- WORK INSTRUCTION:
Only the lines from the one containing "Green Ball Gowns" through the final line of the entries below are wanted, each copied exactly.

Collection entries
━━━━━━━━━━━━━━━━━━━━
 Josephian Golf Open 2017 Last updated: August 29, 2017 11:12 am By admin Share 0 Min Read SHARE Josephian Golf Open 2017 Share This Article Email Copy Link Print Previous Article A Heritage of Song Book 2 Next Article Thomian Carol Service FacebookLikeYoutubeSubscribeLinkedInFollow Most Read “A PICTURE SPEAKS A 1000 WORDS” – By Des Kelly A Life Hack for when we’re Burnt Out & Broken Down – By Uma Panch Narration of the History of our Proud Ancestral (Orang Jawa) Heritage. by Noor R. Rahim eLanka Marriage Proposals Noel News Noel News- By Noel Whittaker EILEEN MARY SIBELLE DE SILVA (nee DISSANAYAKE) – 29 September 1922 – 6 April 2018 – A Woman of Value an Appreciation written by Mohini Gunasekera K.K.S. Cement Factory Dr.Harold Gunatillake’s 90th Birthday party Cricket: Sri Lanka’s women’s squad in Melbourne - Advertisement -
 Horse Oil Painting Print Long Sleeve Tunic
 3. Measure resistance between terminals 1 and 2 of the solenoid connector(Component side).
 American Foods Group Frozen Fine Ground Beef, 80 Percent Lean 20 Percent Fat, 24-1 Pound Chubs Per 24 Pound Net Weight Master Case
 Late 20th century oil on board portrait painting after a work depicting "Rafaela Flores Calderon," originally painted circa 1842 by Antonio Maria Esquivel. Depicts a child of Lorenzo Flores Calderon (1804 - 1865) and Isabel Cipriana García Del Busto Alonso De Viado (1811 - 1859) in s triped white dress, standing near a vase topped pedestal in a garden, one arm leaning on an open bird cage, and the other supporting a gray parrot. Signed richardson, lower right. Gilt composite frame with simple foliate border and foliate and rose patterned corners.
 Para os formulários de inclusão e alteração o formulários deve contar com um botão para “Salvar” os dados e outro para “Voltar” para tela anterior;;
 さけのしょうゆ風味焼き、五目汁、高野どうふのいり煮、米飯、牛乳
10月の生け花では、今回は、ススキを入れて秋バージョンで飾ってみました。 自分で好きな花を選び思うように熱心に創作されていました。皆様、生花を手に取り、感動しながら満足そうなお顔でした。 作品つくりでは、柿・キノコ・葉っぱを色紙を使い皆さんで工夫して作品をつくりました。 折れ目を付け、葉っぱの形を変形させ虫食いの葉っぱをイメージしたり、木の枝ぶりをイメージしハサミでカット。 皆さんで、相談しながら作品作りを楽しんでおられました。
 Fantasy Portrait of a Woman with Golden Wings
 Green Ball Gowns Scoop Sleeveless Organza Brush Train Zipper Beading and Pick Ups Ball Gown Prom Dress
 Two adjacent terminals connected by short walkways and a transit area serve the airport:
━━━━━━━━━━━━━━━━━━━━
- EXERCISE RESULT:
 Green Ball Gowns Scoop Sleeveless Organza Brush Train Zipper Beading and Pick Ups Ball Gown Prom Dress
 Two adjacent terminals connected by short walkways and a transit area serve the airport:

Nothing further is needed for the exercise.